In the data below, begin at the line with "Viewers can also" and stop after the line with "1831 Algemene bewapening"; output those lines exactly and no pictures.

##### Source information

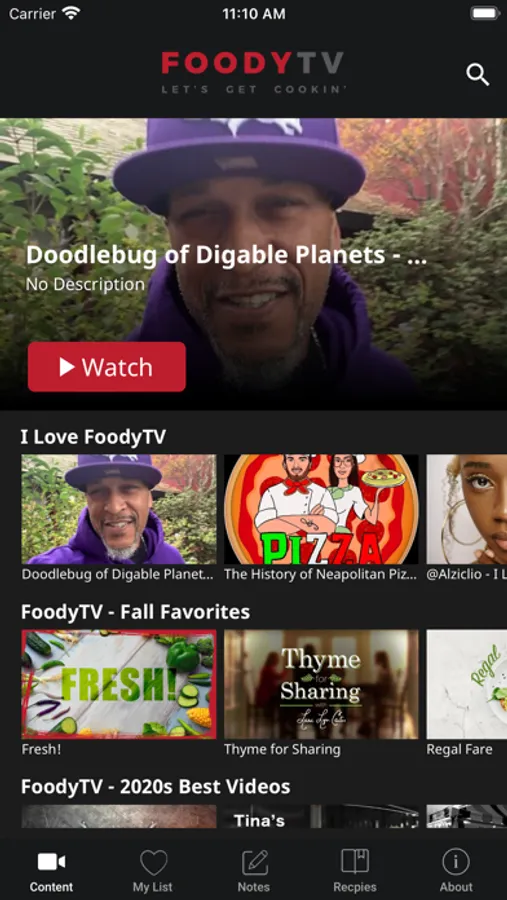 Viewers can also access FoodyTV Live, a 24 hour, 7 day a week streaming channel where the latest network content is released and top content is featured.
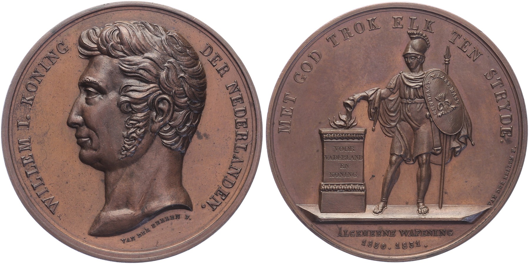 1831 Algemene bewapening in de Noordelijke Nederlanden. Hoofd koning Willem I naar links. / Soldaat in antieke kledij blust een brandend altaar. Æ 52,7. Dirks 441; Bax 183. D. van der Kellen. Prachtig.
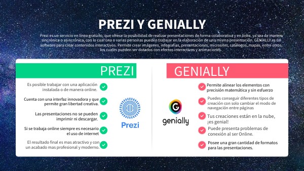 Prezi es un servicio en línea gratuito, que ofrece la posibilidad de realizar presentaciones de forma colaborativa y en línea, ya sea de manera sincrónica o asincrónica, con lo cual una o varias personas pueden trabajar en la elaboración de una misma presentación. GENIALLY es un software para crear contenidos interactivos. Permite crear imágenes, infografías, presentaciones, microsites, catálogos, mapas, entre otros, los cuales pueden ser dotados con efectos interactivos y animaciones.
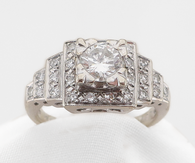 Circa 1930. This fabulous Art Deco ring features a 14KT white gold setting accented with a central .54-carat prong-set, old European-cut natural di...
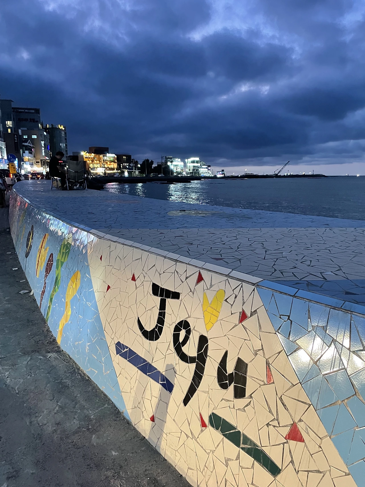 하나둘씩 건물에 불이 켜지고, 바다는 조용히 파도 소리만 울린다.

##########
##### Source information

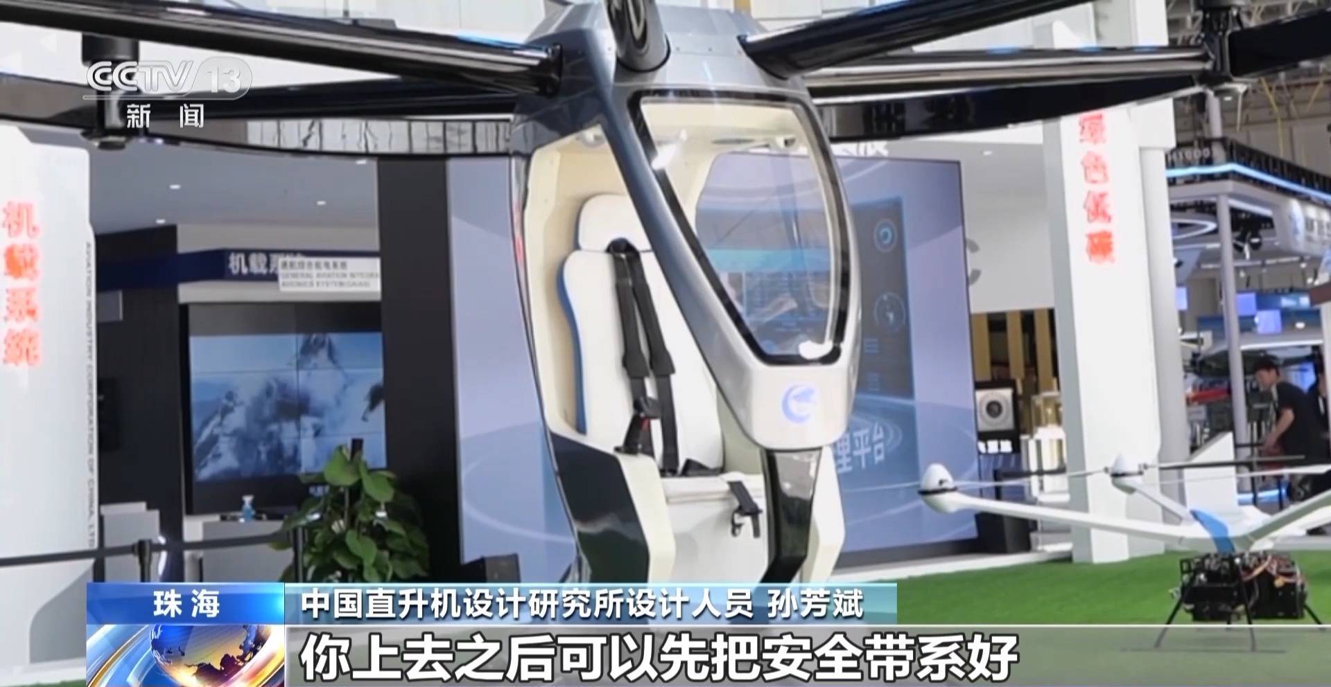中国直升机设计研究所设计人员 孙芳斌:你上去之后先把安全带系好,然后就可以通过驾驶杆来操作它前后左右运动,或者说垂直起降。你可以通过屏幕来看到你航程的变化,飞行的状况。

##########
##### Source information

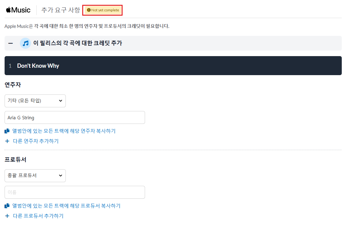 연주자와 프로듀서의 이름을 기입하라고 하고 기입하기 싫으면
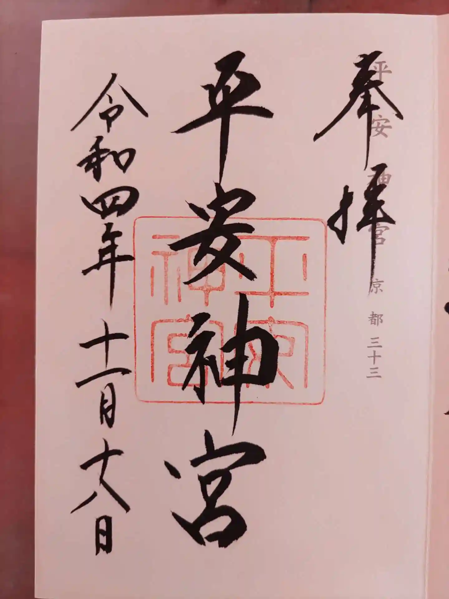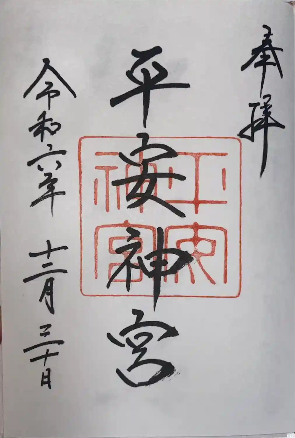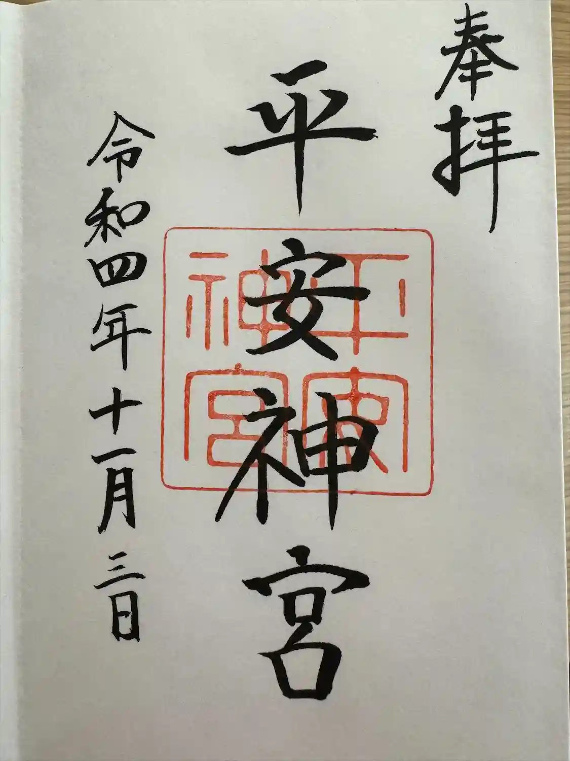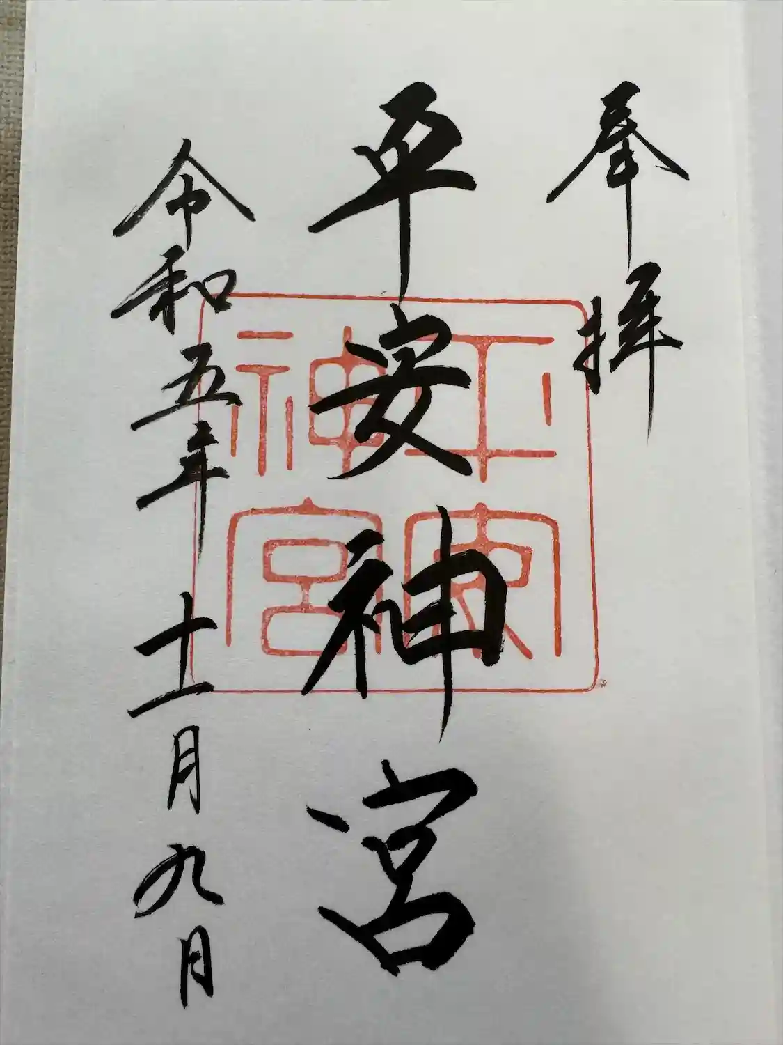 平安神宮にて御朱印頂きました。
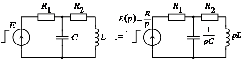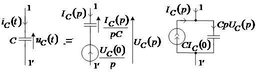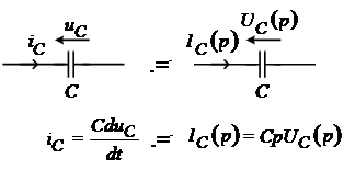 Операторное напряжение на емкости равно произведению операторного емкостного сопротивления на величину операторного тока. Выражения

##########

The answer.
 Viewers can also access FoodyTV Live, a 24 hour, 7 day a week streaming channel where the latest network content is released and top content is featured.
 1831 Algemene bewapening in de Noordelijke Nederlanden. Hoofd koning Willem I naar links. / Soldaat in antieke kledij blust een brandend altaar. Æ 52,7. Dirks 441; Bax 183. D. van der Kellen. Prachtig.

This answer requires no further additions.